EXERCISE OBJECTIVE:
Take from the entries below the stretch from the line with "Всички пациенти, които" through the line with "This paper introduces", and return it exactly, leaving the pictures out.

[Opening DATA PROVIDED section]

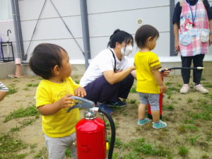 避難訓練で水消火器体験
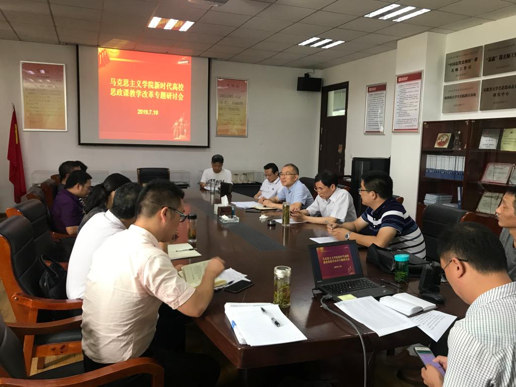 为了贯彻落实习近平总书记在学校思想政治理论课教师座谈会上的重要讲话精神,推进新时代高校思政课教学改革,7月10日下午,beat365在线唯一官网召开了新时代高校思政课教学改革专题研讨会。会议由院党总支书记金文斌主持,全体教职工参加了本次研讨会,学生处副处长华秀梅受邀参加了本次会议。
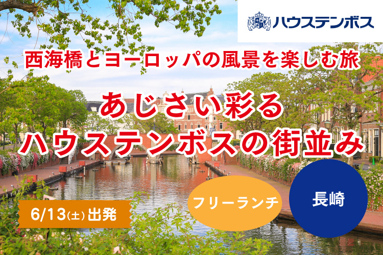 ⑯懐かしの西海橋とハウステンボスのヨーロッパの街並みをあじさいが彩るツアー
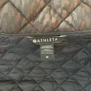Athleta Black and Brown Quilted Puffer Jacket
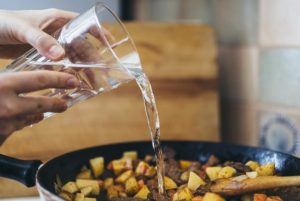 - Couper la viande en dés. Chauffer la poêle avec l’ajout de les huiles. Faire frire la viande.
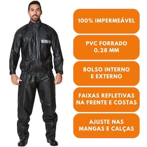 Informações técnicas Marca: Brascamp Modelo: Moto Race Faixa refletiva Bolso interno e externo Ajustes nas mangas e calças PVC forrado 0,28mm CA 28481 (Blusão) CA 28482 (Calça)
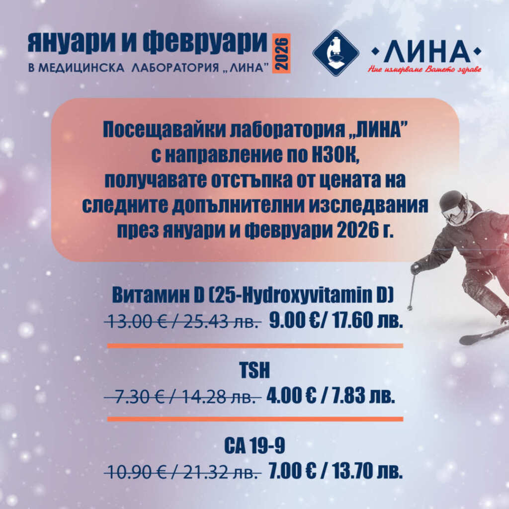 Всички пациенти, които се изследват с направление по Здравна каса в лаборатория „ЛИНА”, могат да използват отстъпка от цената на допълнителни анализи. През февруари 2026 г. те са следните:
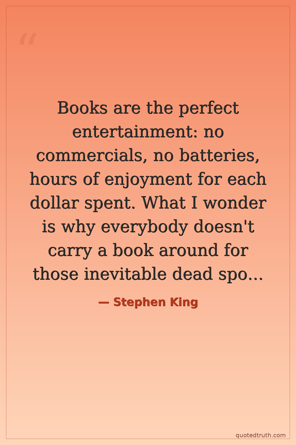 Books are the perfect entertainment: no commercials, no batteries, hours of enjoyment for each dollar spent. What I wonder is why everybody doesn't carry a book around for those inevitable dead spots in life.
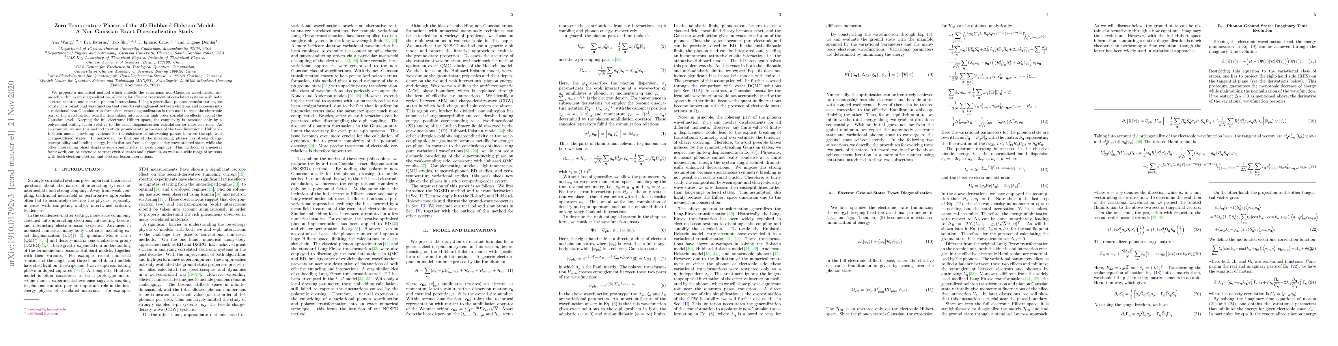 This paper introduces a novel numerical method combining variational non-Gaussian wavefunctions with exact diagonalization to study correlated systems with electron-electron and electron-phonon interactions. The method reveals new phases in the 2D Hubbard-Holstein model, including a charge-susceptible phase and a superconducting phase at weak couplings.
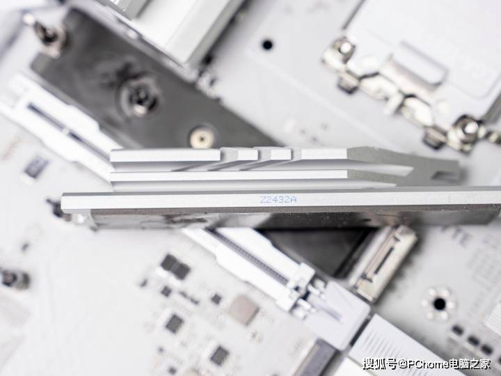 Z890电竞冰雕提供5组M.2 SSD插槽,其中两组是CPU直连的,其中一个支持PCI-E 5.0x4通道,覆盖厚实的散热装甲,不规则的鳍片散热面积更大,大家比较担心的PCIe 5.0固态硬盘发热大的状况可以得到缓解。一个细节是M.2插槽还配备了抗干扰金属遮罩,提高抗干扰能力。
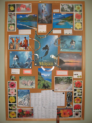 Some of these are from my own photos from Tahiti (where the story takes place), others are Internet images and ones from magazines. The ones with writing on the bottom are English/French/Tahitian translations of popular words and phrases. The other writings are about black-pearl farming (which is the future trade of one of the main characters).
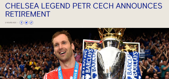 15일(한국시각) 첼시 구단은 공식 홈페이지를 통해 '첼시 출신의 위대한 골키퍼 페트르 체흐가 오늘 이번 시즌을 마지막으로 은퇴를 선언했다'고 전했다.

[Closing DATA PROVIDED section]

TASK RESPONSE:
 Всички пациенти, които се изследват с направление по Здравна каса в лаборатория „ЛИНА”, могат да използват отстъпка от цената на допълнителни анализи. През февруари 2026 г. те са следните:
 Books are the perfect entertainment: no commercials, no batteries, hours of enjoyment for each dollar spent. What I wonder is why everybody doesn't carry a book around for those inevitable dead spots in life.
 This paper introduces a novel numerical method combining variational non-Gaussian wavefunctions with exact diagonalization to study correlated systems with electron-electron and electron-phonon interactions. The method reveals new phases in the 2D Hubbard-Holstein model, including a charge-susceptible phase and a superconducting phase at weak couplings.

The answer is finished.